So if this is property of a brewery than why can't they be charged for illegal dumping? They claim they still own the keg then what is it doing laying around on a friends front lawn for months on end?

It was just lucky no one was hurt or nothing was damaged with the kegs rolling down the hill.


----------



## T.D. (21/5/06)

Archie said:


> HLT ?? Hot Lauter Tun is that right.
> 
> Are you looking at buying one
> LJStuart has them the cheapest i could find anywhere
> [post="128020"][/post]​



HLT = Hot Liquor Tank. Its the thing you heat your mash and sparge water in.


----------



## T.D. (21/5/06)

Re the cheapest places to buy ali stock pots, the cheapest I have found so far is this place:

www.kenscom.com.au

A few prices of their ali stock pots are:

40L Ali pot: $58

50L Ali pot: $65

60L Ali pot: $73

80L Ali pot: $89

And by the way, they are not some dodgy thin walled thing - they are the 4mm thick Robinox pots. Awesome pices I reckon. I helped a mate build an AG system and he got a 30L for his HLT and a 50L for his kettle. Neat little setup and cheap as chips! They are an online job too (like allquip) and I don't know what the postage would be to WA. Worth enquiring about though - at these prices it might still be well worth it.


----------



## Whistlingjack (21/5/06)

How to compromise your principles with two phone calls.  

Just went to visit a mate and told him about my proposed AG setup.

"Hang on a minute" says he. Out to the shed we go, move a bit of junk and there it was...a 50litre keg. 

"Found it on the side of the road about six years ago"

Not only that, he knew someone else who had one. His kids had fished it out of the inlet nearby. Dropped by his house on the way home.
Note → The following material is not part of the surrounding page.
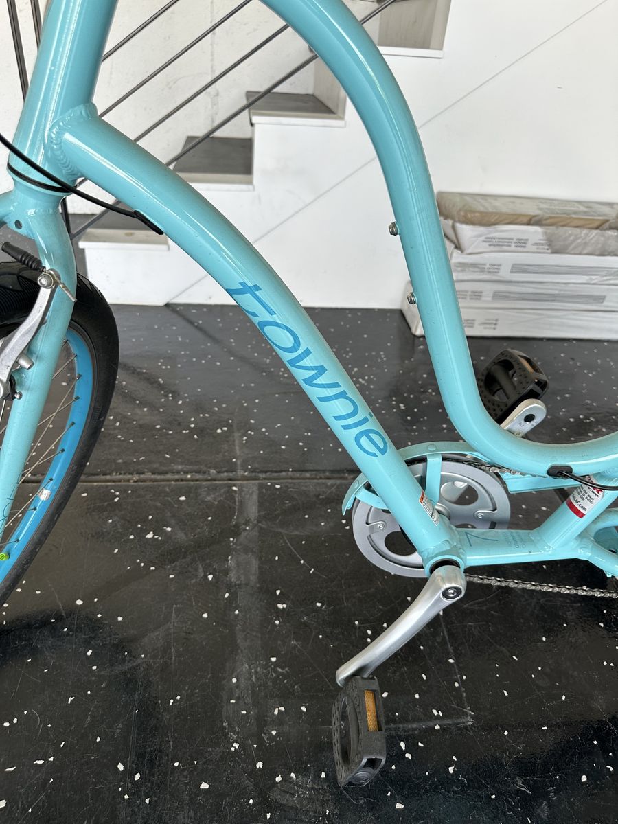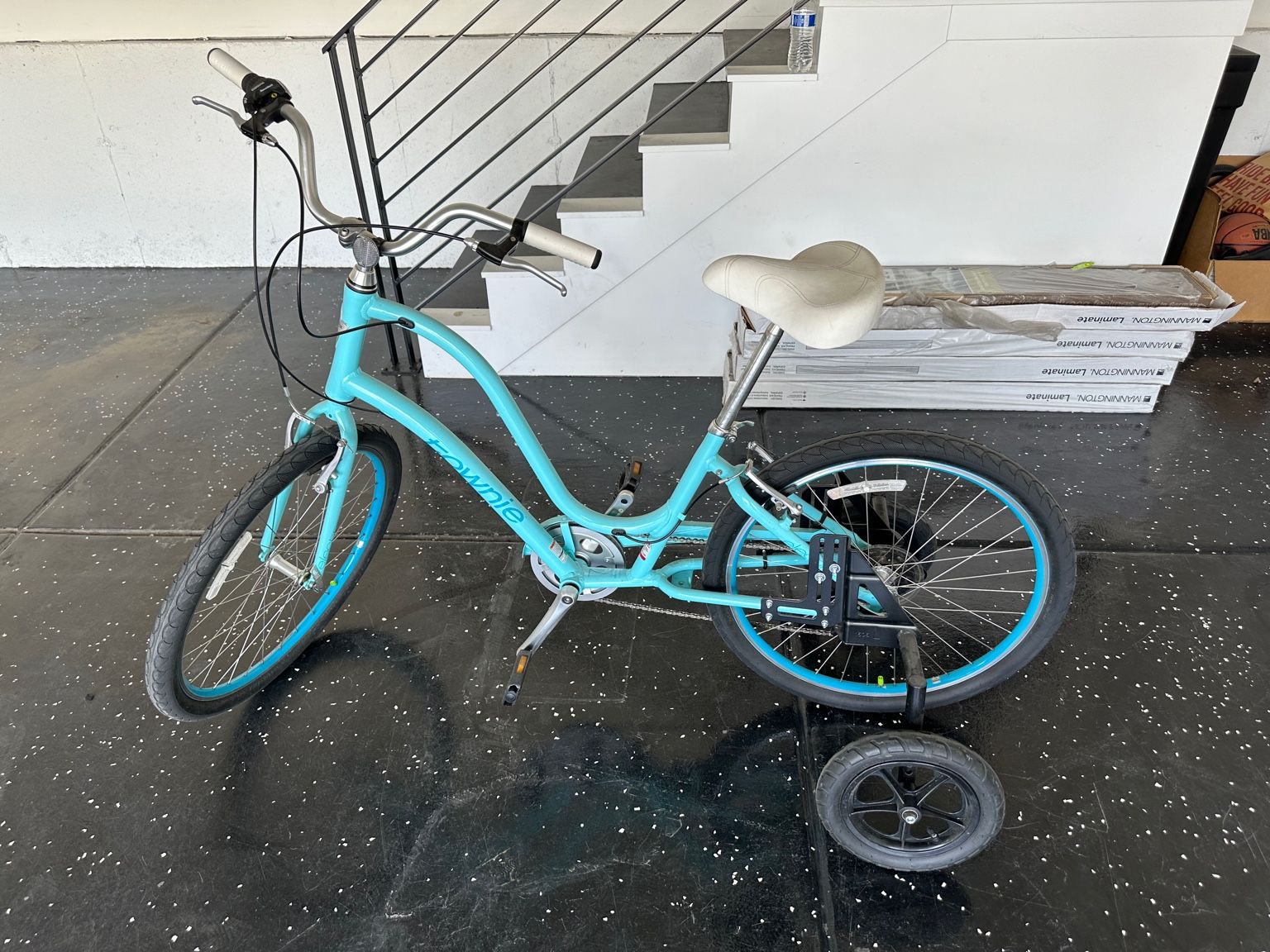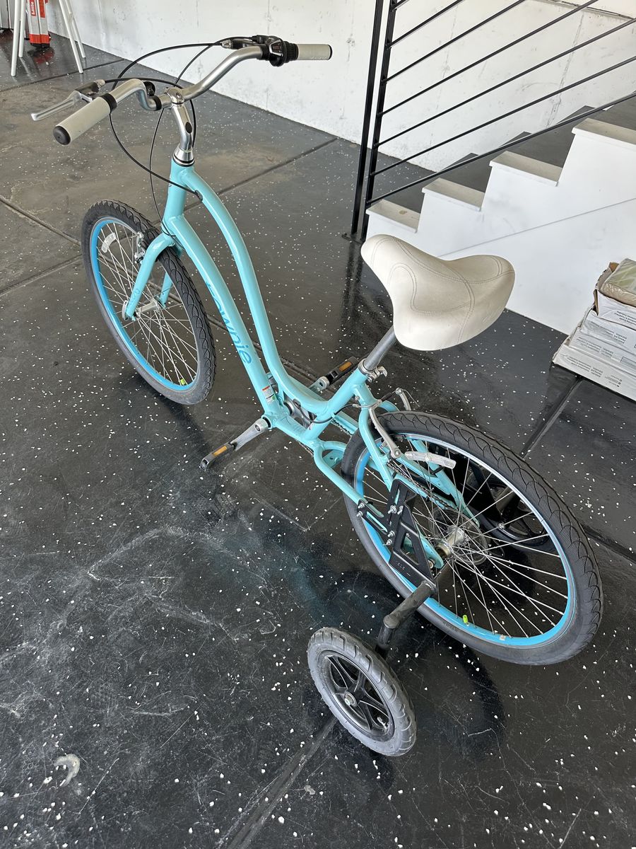 VenmoElectra Townie 7D step-through cruiser in aqua blue with heavy-duty adult training wheels installed.

So there you have it. Two hours later and I've got two kegs. Now I'm going to break the law. (But you guys don't want to know that)


----------



## Vlad the Pale Aler (21/5/06)

The Outlaw Brewery is born, happy brewing.


----------



## Whistlingjack (21/5/06)

Thanks, Vlad

Now all I have to do is modify them. I've seen heaps of info, so shouldn't be too traumatic.


----------



## sinkas (21/5/06)

Oh, fell off the back of a truck, riiiiiiight

Was Elvis there watching, and were there any pink elephants involved?


----------



## PistolPatch (22/5/06)

MikaLika - The delivery cost for the pots from Allquip is around $15. The prices that TD gave from kencomm are far better than allquip but kencomm doesn't do the stainless steel pots.

Cheers
PP


----------



## T.D. (22/5/06)

PistolPatch said:


> MikaLika - The delivery cost for the pots from Allquip is around $15. The prices that TD gave from kencomm are far better than allquip but kencomm doesn't do the stainless steel pots.
> 
> Cheers
> PP
> [post="128193"][/post]​



The stainless pots are there at Ken's Commercial Kitchens, they are just deep within one of the other categories - God only knows why! Try page 28 onwards in the "Gastronorm pots and pans" category. Still pretty cheap - 70L is $185. Those prices are excluding GST though, I only realised that yesterday!! Having said that, I think allquip's prices are also less GST. I have no idea what postage is form the Ken's place.


----------



## thunderleg (22/5/06)

muga said:


> /off-topic
> A beer delivery truck drove up a friends street, (very steep hill) and the rear cage of the truck opened up and 10 or so empty kegs came rolling down the hill and landed in their front yard and were sitting there for around 18 months.
> [post="128026"][/post]​



It's raining kegs!

Check with Gibson and Patterson in Osborne Park for stock pot prices. I paid $114 for a 36L stainless Robinox.


----------



## Bizarre (22/5/06)

mika_lika said:


> Does anyone in Perth do the Aluminium Robinox pots ?
> Even @ $250, it's more than I really wanted to pay.
> Sorry for the highjack.
> [post="127838"][/post]​




Mika thought you might wanna know - I picked up a 22L stainless steel stockie in Gone Bizarre (no connection to me - honest!) for $50. They were meant to go out at $60 so I brass necked it a bit and asked if they'd reduce it cause it was slightly damaged - there was a big scratch on the outside of it - hehe and got it for $50.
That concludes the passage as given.